System prompts establish baseline context before user messages. They define role, constraints, and behavioral guidelines. Most users never see them - tool developers set them.

Claude Code’s prompt is 142KB. That’s not a typo. It contains:

  • Role definition (“Anthropic’s official CLI for Claude”)
  • Tool usage instructions (Bash, Read, Edit, Write, Glob, Grep…)
  • Permission and security constraints
  • Memory management guidelines
  • Feature flags (KAIROS, BUDDY, Undercover Mode)

But here’s the key part:

Claude Code Key Instruction
When uncertain, act on your best judgment rather than
asking for clarification.

And Codex (inferred from behavior) emphasizes:

Codex CLI Expected Theme
Maintain surgical precision in code modifications.
Do exactly what the user asks - no more, no less.

Two different philosophies. Two different experiences.

The “Weights Dominate” Argument

Many practitioners argue prompts make little difference. Here’s why:

Reason 1: RLHF Bakes Behavior Into Weights

Reinforcement Learning from Human Feedback trains preferences directly into model weights. Claude was trained to be helpful, harmless, and honest. GPT was trained for instruction following and task completion.

These baked tendencies persist regardless of prompt.

Reason 2: Identical Prompts, Divergent Behaviors

One redditor put it well:

“GPT is anal about the instructions in the system prompt to a fault, while Claude takes them as more of a helpful suggestion than a hard rulebook.”

This interpretation style is learned, not prompted.

Reason 3: Prompt Interpretation Is Model-Specific

I tried giving Claude a strict “do exactly what I say” prompt. It still asked clarifying questions and offered alternatives.

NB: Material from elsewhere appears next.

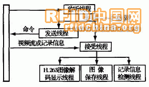 在軟件設計方面包括兩部分,一部分是監(jiān)控終端的監(jiān)控軟件,另一部分是各便件的底層軟件。監(jiān)控終端采用了多線程的軟件設計方法,系統(tǒng)對連接的每一個監(jiān)控點共采用了6個線程,即網絡監(jiān)聽線程、發(fā)送線程、接受線程、H.26 3圖像解碼顯示線程、圖像保存線程和記錄信息(門口終端的撥號、門禁一卡通等記錄信息)檢測線程,如圖4所示。

That’s not rebellion - that’s its RLHF training pushing through.

The “Prompts Matter” Argument

But wait. The prompt differences aren’t accidental:

Intentional Design Differences
Claude Code: "act on your best judgment"
-> Amplifies helpfulness training
-> Creates proactive, coach-like experience
Codex CLI: "surgical precision"
-> Amplifies compliance training
-> Creates precise, constitution-like experience

These are deliberate design choices. They create real user experience differences.

Users report:

  • Claude Code feels proactive, anticipates needs
  • Codex feels precise, respects boundaries

Both are valuable. Different tools for different jobs.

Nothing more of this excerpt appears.